PL/SQL procedure successfully completed.
 
ops$tkyte@ORA10G> exec dbms_stats.set_table_stats( user, 'DEPT', numrows => 4, numblks => 1 );
 
PL/SQL procedure successfully completed.
 
ops$tkyte@ORA10G>
ops$tkyte@ORA10G> set autotrace traceonly explain
ops$tkyte@ORA10G> select dept.dname, emp.ename
  2    from emp, dept
  3   where emp.deptno(+) = dept.deptno;
 
Execution Plan
----------------------------------------------------------
   0      SELECT STATEMENT Optimizer=ALL_ROWS (Cost=22579 Card=10000000 Bytes=420000000)
   1    0   HASH JOIN (OUTER) (Cost=22579 Card=10000000 Bytes=420000000)
   2    1     TABLE ACCESS (FULL) OF 'DEPT' (TABLE) (Cost=2 Card=4 Bytes=88)
   3    1     TABLE ACCESS (FULL) OF 'EMP' (TABLE) (Cost=22344 Card=10000000 Bytes=200000000)
 
 
 
ops$tkyte@ORA10G> set autotrace off
ops$tkyte@ORA10G>
ops$tkyte@ORA10G> exec dbms_stats.set_table_stats( user, 'DEPT', numrows => 10000000, numblks => 100000 );
 
PL/SQL procedure successfully completed.
 
ops$tkyte@ORA10G> exec dbms_stats.set_table_stats( user, 'EMP', numrows => 4, numblks => 1 );
 
PL/SQL procedure successfully completed.
 
ops$tkyte@ORA10G>
ops$tkyte@ORA10G> set autotrace traceonly explain
ops$tkyte@ORA10G> select dept.dname, emp.ename
  2    from emp, dept
  3   where emp.deptno(+) = dept.deptno;
 
Execution Plan
----------------------------------------------------------
   0      SELECT STATEMENT Optimizer=ALL_ROWS (Cost=22579 Card=10000000 Bytes=420000000)
   1    0   HASH JOIN (RIGHT OUTER) (Cost=22579 Card=10000000 Bytes=420000000)
   2    1     TABLE ACCESS (FULL) OF 'EMP' (TABLE) (Cost=2 Card=4 Bytes=80)
   3    1     TABLE ACCESS (FULL) OF 'DEPT' (TABLE) (Cost=22344 Card=10000000 Bytes=220000000)
 
 
 
ops$tkyte@ORA10G> set autotrace off


<b>so, it can flip flop the table it chooses to hash in 10g, whereas in 9i and before it would not</b>

Alberto Dell'Era, March 13, 2005 - 11:29 am UTC

Thanks Tom and Amit ...

So the smallest of the tables is chosen in 10g.

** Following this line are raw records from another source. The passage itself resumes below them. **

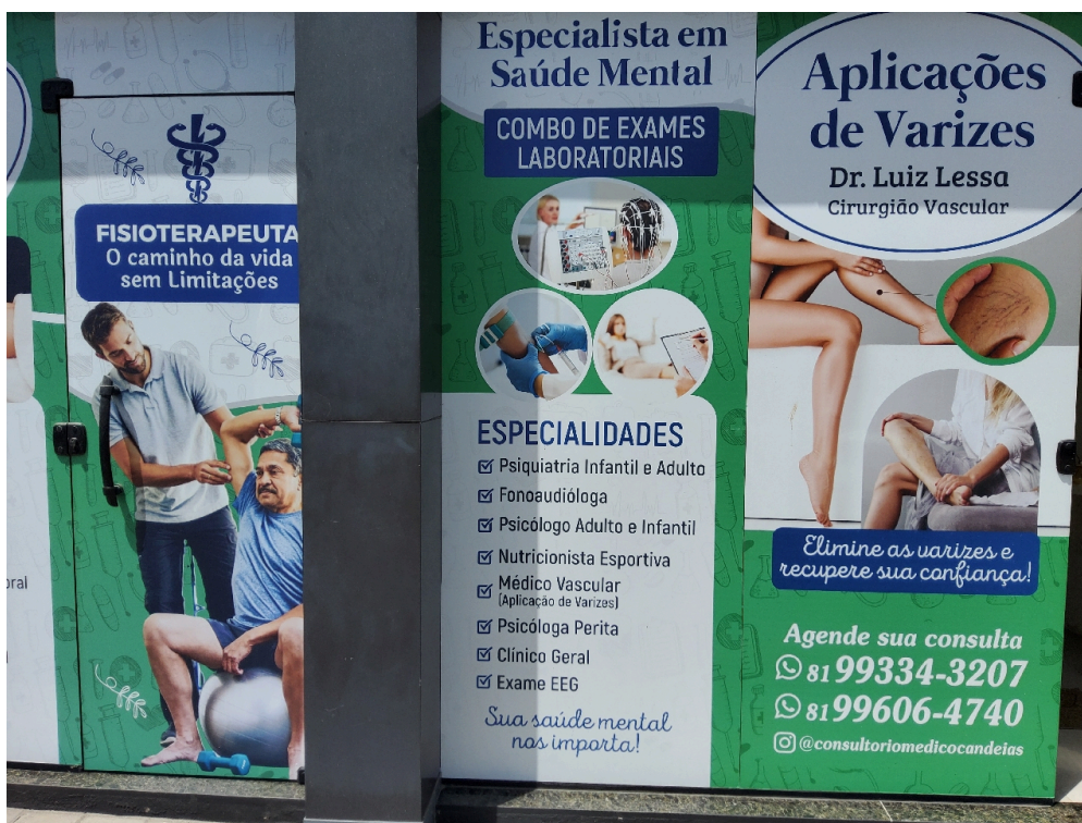
DADOS CADASTRAIS - Registro Fotográfico da Fachada
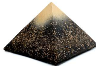
ENERGIA DI GIZA

Durante la fase di catalizzazione l'orgonite viene esposta a delle specifiche frequenze audio in modo da conferirle specifiche informazioni vibrazionali (vedi gli studi di Masuaro Emoto). La miscela delle piramidi, oltre ai componenti base organici (resina e metallo), contiene anche polvere di shungite nera (tipo-2), quarzo rosa e bianco; la 9 cm ha una sola punta di quarzo ialino (rock quartz), mentre le 15 e le 20 cm hanno 5 punte-cristalli di quarzo ialino disposte quattro alla base (uno per ogni lato) e una verso il vertice superiore. Inoltre c'è anche una spirale in rame posta alla base. La base è ricoperta di materiale (feltrini o simil-velluto) anti-scivolo. Posizionare nella stanza con le superfici laterali disposte verso i quattro punti cardinali. NOTA BENE: si tratta di un prodotto artigianale per cui ognuno di questi può essere leggermente differente da un altro per colore o lavorazione. La confezione contiene una User Guide in italiano
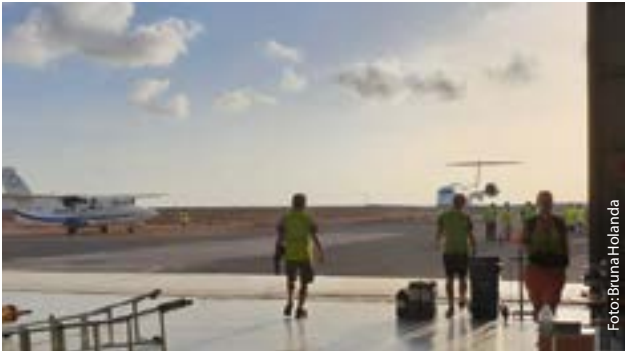
Der Arbeitstag der Forscher ging nach dem Sonnenuntergang weiter. The working day of the researchers continued after sunset.

„Die Kampagne war aufregend und spannend, aber auch sehr arbeitsintensiv. Ich habe sehr viel Neues gelernt, zum Beispiel über die Abläufe im Flugbetrieb, wie etwa Sicherheitsaspekte beim Fliegen oder Pilotensprache. Ich habe auch jetzt ein tieferes Verständnis über das, was die anderen Gruppen, die Teil der Mission waren, messen. Aus wissenschaftlicher Sicht war CAFE-Africa für mich persönlich auch erfolgreich, weil das Gerät, das ich dafür über 1,5 Jahre lang vorbereitet und zertifiziert habe, bei allen Flügen erfolgreich gemessen hat.“

This is very intuitive since the "old" behaviour (described in "Effective Oracle by Design", page 470) required only an additional "bit" in the hash table to mark the matched rows, bit that the new "RIGHT OUTER" join doesn't need at all - but the difference in the memory requirements are negligible.

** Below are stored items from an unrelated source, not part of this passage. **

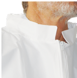
Col mandarin doublé
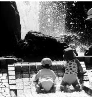
鴻巣市にもほしい!

問 子育て日本一を公約に掲げている原口市長です。子ども達の要望に応えられるよう、市民プールに替わる水遊びのできる施設の事業を計画すべきと思うが。 答 広く市民の意見や要望を
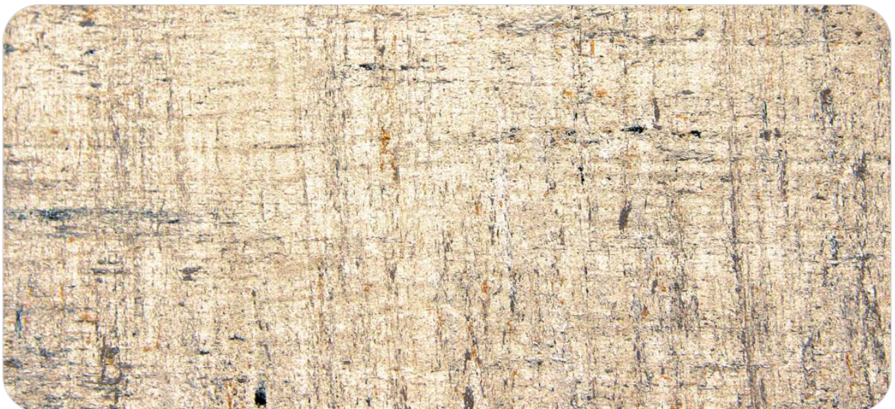
Ref. CK 4

W zależności od partii produktu i sposobu jego nakładania możliwe są różnice w efekcie końcowym.
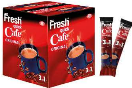
FRESH QUICK CAFE ORIGINAL 3in1 18 GR
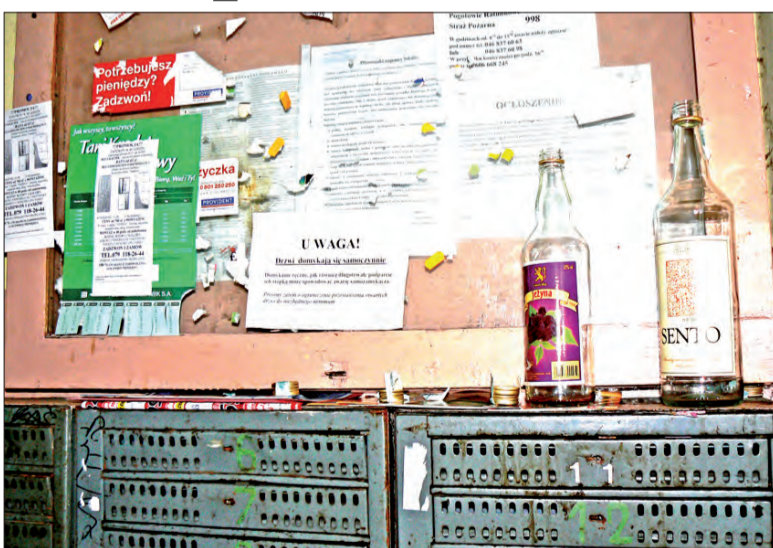
Bar jak się patrzy, tylko szkoda, że nie w prywatnym mieszkaniu, a na publicznej klatce schodowej

Reporter NL był na miejscu we wtorek rano. Już przy wejściu do klatki można zauważyć butelki po winach w niewysokim żywopłocie przy ławce. Po przekroczeniu progu klatki schodowej na skrzynkach pocztowych ustawione, jak na barze, butelki po alkoholu. Zapach, cóż - po prostu czuć mocznik. Po chwili krzątania się przy rowerze zza drzwi prowadzących do piwnicy wyszedł mieszkaniec tejże klatki, od którego czuć było wyraźnie woń alkoholu. Zaprzeczał, jakoby na klatce odbywały się głośne libacje alkoholowe. Błuznierstwami próbowała pozbyć się reporterka kobieta pokrzykująca zza drzwi prowadzących do piwnicy.
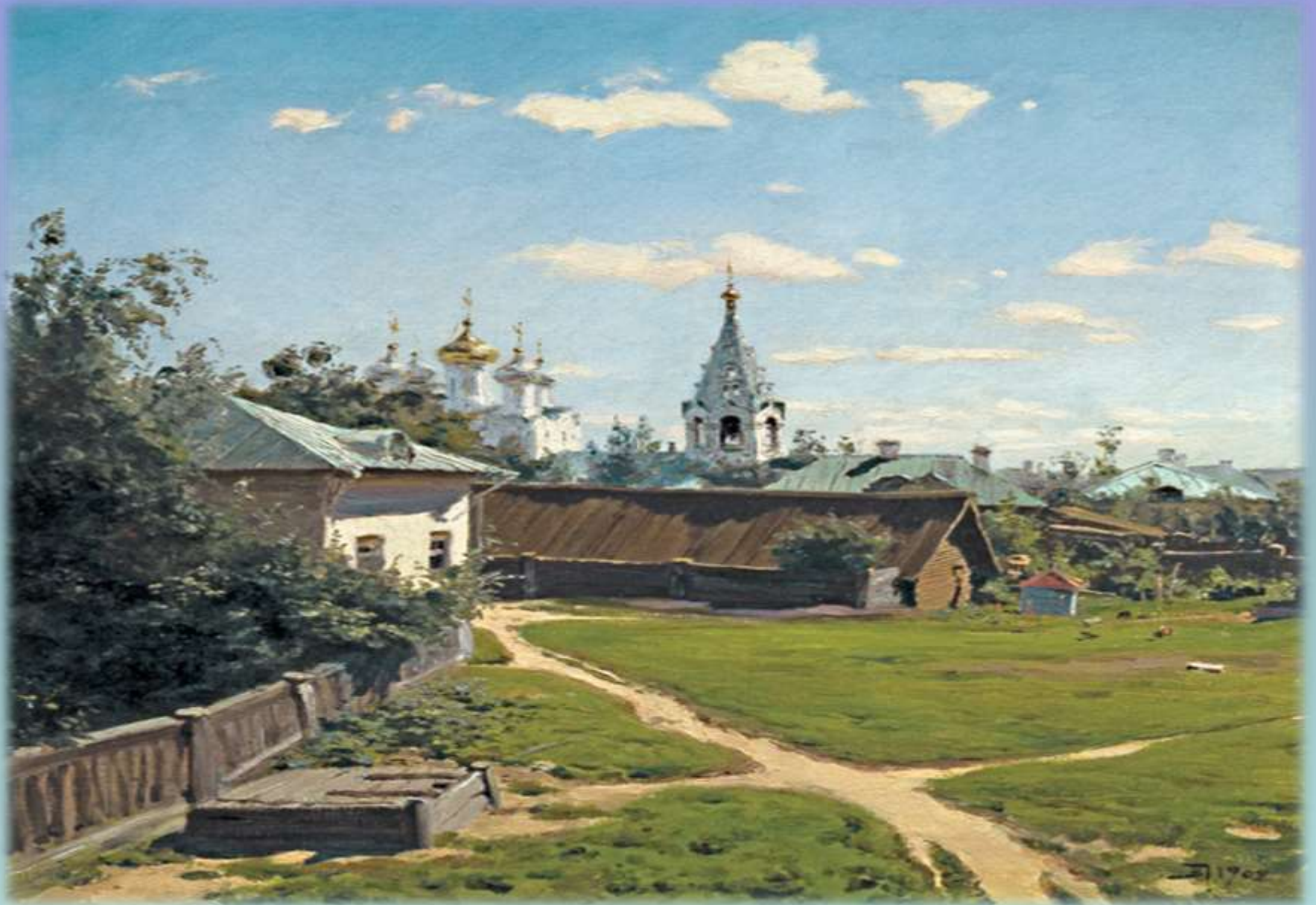
В. Поленов «Московский дворик»

So the most important remaining performance inhibitor is the dimension of the hash table because the bigger the table, the more memory it takes (and perhaps - more visits to the temporary tablespace), and probably the more time it takes to probe (more hash collisions).

And - the more time it takes to send the first row back, because we must wait for the hash table to be completely built before sending the first row.

Exactly how Hash joins work.

Sai, March 29, 2005 - 4:07 am UTC

Tom,

You have explained hash join's well in your book, but I still don't get few thing's:

Let's say table T1 is 5G and table T2 is 10G in size, and the plan says it is using hash join for an equijoin sql statement.

1) T1 table in full is read into buffer cache and apply hash function. Apply hash on chunks of the table or one big hash?
2) T2 table in full is read into buffer cache, each row will be compared against T1 hash function.

Questions:
Q1) Does it sort T1 hash table, if not how does the probe from T2 goes to the right hash function value?
Q2) If T1 table was hashed in chunks, does the probe from T2 table start after the T1 hash table is completly built?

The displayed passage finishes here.